With Easter comes spring weather and in my family that means trips to the green houses to prepare for planting season.  Seriously, we visit multiple green houses sometimes not buying a thing but going for the experience and the sure joy it brings our souls.  At J&J we had to visit the fishes.
and at Rocking E we visited the chickens and almost bought chicks...thank goodness we didn't because we are getting chickens already laying eggs from Anna's parents...and Sophie took a ride on a horse (Molly wouldn't have anything to do with it).  Seriously it was a dime...so she rode twice, we're generous like that.

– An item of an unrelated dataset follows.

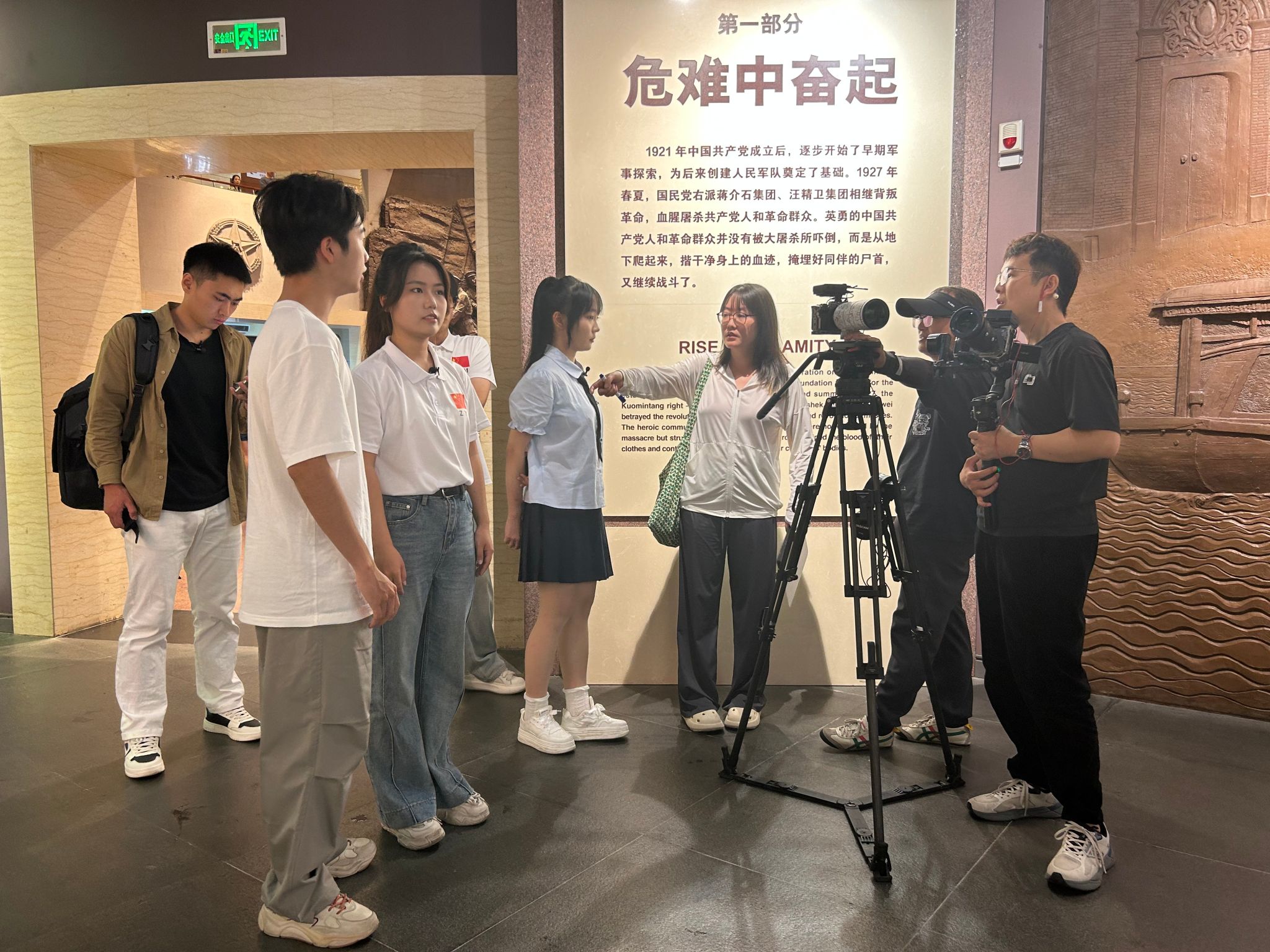 近日,我院熊飞副教授原创音乐作品《我的英雄我的城》登陆中国教育电视台《校园歌曲工作坊》栏目,栏目将分三期播放,通过镜头语言,全景呈现学校在红色基因传承、特色学科优势、文化育人体系及思政教育创新实践等成果。2025年6月9日-12日,中国教育电视台栏目组专程来校进行取景拍摄,走访了校史馆、建军馆、williamhill英国、美术学院、创新创业中心、八一广场、八一起义纪念馆等地。目前,节目正在后期制作中,预计7月初将在中国教育电视台一频道、“CETV放飞梦想”视频号同步播出。

On a separate note, in Sunday school we are studying the Old Testament and I recently came across a realization that I wanted to share.  We'll see if I can share it and make any sense.  We were reading about the Israelites and how right after they were liberated from Egypt, where they witnessed miracles like ummmm HELLO parting of the Red Sea and a literal pillar of fire guiding them in the desert that they complained and turned to Moses for help with hunger and thirst.  First let me make clear, I am in no way judging them as how often in my life have I witnessed the hand of God only to turn the next day and say...where are you, I need some help here.  That being said, I saw a clear pattern that they were hungry and turned to Moses and the Lord provided Manna, they were thirsty and complained and turned to Moses who struck the Rock and the Lord poured out water.  Over and over this happened and I'm sure Moses was like..."come on have a little faith, I'm hungry and thirsty too" but why wouldn't they turn to Moses he always solved the problem and usually with little effort on their part.  So they wandered for 40 years with some success and some well no so proud moments.  Moses learned to be a leader and found a midst that group leaders like Joshua and others who rose to the top.  

I couldn't help but think of my parents in Serbia working with this little branch in their own wilderness and they tried to lead this band of Saints to their own spiritual promised land.  I found that their were so many similarities between the two stories as I hear of my parents desiring more faith from those who they work with and hearing complaining and constant asks not only on them but the Church to step in and solve worldly problems.  They see miracles and they see backs turned, they hear complaints and at times want to cry out..."we know we are right here with you but if you could only trust and open your heart a little more".  They see members who don't want to sacrifice or step up if it is hard or inconvenient and they see members stretch out their hands and then quickly retract them and build walls around their close group not letting anyone in and become hardened and unforgiving of others faults failing to see their own.  But...and this is a key...they also have found their Joshua's in people like Nemanja who are strong and valiant and will, as the Joshua of old did to Jericho, break down the walls so that the branch can grow and the gospel flourish.  Bottom line...my parents need to realize it took Moses, a great prophet of God, 40 years to lead the Israelites to the promised land and they in 18 months have done great work and need to cut themselves some slack.  I'm so proud of my parents and am so excited to have them home next month....NEXT MONTH, so crazy!